Но это не значит, что Владимир Ильич был сух, что он был фанатик, что для него существовало только дело. Там, где он мог проявить непосредственную свою ласковость и сердечность, там он их проявлял в трогательных чертах.
Придет еще время друзьям Ильича, которые близко к нему стояли, рассказать, что это был за человек в личных отношениях. Я хочу остановиться сейчас лишь на некоторых отдельных черточках. Скажу вам, что товарища более заботливого, более нежного, более преданного нельзя себе вообразить. И таким товарищем он был не только для стоявших рядом помощников, но и для всякого члена партии и просто для всякого, кто приходил к нему в кабинет. Почему эти «простые» люди, которых он любил, из бесед с которыми он выносил так много, что мы, грешные, из десяти томов книг не выносили столько сведений, сколько он из беседы с каким-нибудь тверским или рязанским мужичком, — почему они выходили от него всегда с такой счастливой улыбкой на лице? Бывали они и у нас, и ничего — побывал и побывал, хоть разницу с прежними чиновниками они, может быть, и видели. Но что касается Владимира Ильича, то они выходили от него с особенными лицами. «Дошли до самого большого, — говорили. — Прост!
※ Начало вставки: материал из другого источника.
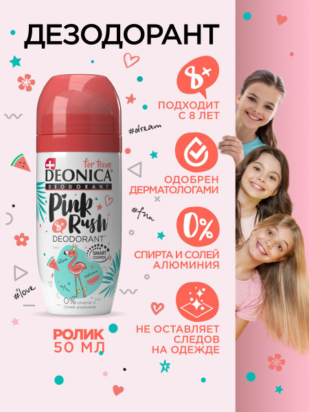 DEONICA FOR TEENS - PINK RUSH Дезодорант роликовый без спирта 50 мл. (для девочек)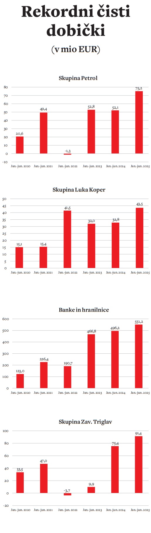 Tudi logistična družba Luka Koper je prejšnji četrtek objavila, da je »kljub zahtevnim razmeram in številnim negotovostim« v prvem polletju 2025 poslovala »zelo uspešno in presegla vse ključne finančne kazalnike«. Skupina je prihodke medletno zvišala za 15 odstotkov, čisti dobiček pa za 33 odstotkov na 43,5 milijona evrov. Med drugim so v Luki pretovorili 452.049 vozil, kar je deset odstotkov več kot v istem času lani, kar pripisujejo novim poslom, predvsem »uvozu vozil različnih kitajskih proizvajalcev ter izvozu v Evropi proizvedenih avtomobilov, namenjenih sredozemskim trgom«. Rekorden dobiček so imele tudi banke in hranilnice v Sloveniji: po podatkih Banke Slovenije je »naš« bančni sistem v prvem polletju letos prebil mejo pol milijarde čistega dobička (551 milijonov evrov), čisti dobiček pa je v istem času lani znašal 496 milijonov. To je dobra novica zlasti za večinske tuje lastnike bank. O rekordnem, za petino višjem medletnem čistem dobičku so pred dnevi poročali tudi iz skupine Zavarovalnice Triglav. Ti podatki seveda ne kažejo celostne slike, a spomnimo, da so gospodarske družbe zadnja štiri leta, 2021–2024, kumulativno izkazale zgodovinsko rekordne dobičke: po podatkih javne baze AJPES so v teh letih skupaj izkazale 25,01 milijarde evrov neto čistih dobičkov.

Обо всем расспросил и все разъяснил». И если бы Владимиру Ильичу возможно было, то он, кажется, только и купался бы что в этом крестьянском и рабочем море. Всяким случаем, всяким свободным моментом он пользовался для этого. Часто говорил: вот там назначено дело такое-то и такое-то, а вот тут есть промежуток времени, и за это время я приму ходоков — из его ли Симбирской губернии, или из Сибири, или из Туркестана. И конечно, хотя он мог принять на 15 минут, они, бывало, пробудут и час и полтора. И он говорит потом, как будто немножко устыдившись этого: «Извините, задержался, уж очень интересно было!»